WHAT YOU NEED TO DO: Reproduce the listing below from the line with "Une retraite aux" to the line with "江南春早（中国画）68×50cm 郭怡琮", both lines included, character for character, minus any pictures.

AVAILABLE DATA:
BEGIN
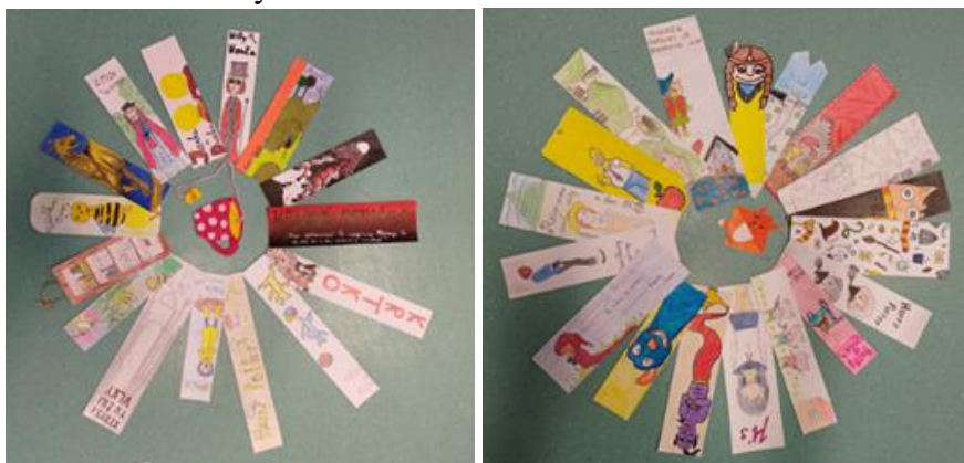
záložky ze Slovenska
END
BEGIN
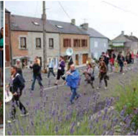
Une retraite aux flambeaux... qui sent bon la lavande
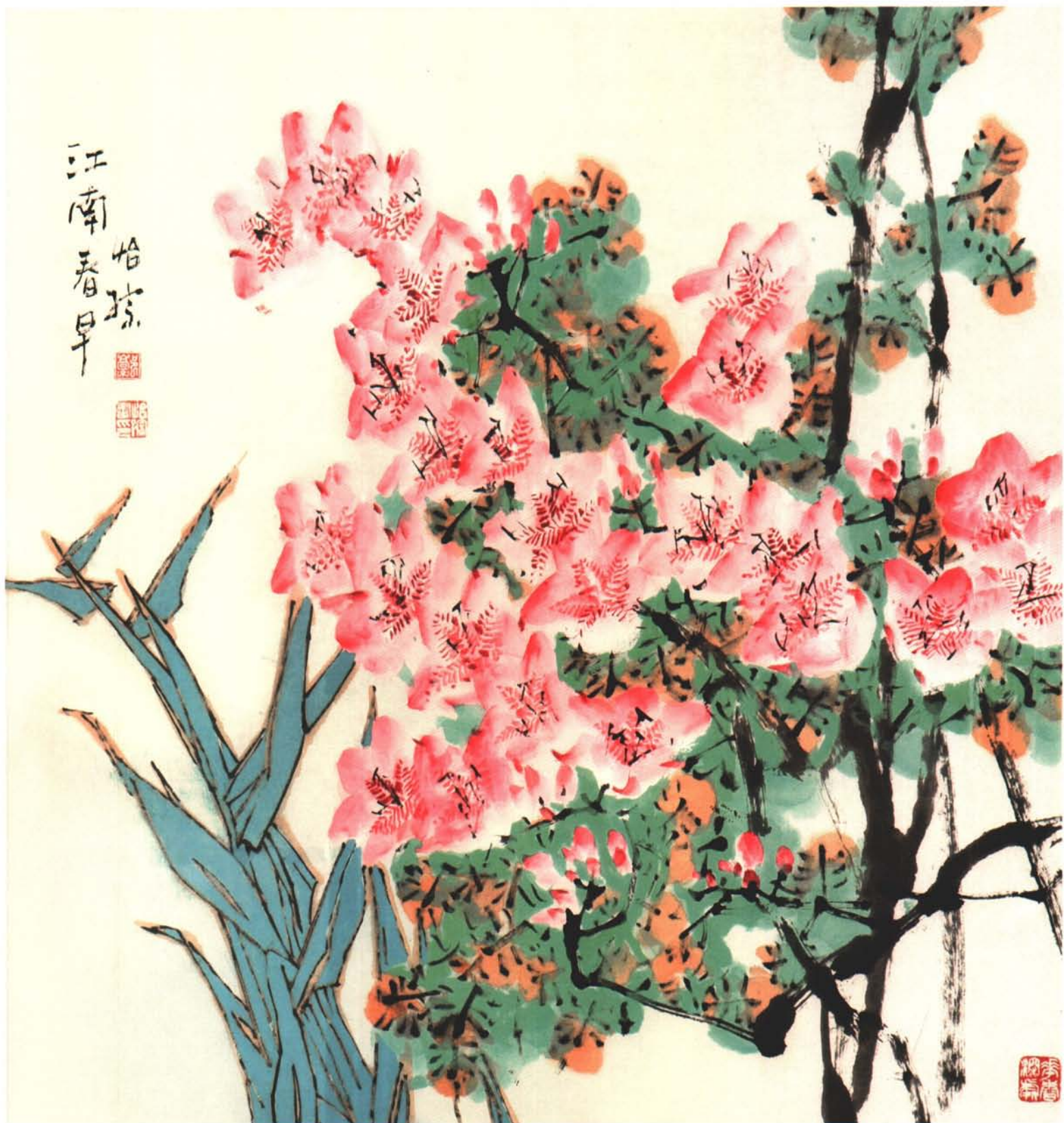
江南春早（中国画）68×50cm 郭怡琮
END
TASK RESPONSE:
Une retraite aux flambeaux... qui sent bon la lavande
江南春早（中国画）68×50cm 郭怡琮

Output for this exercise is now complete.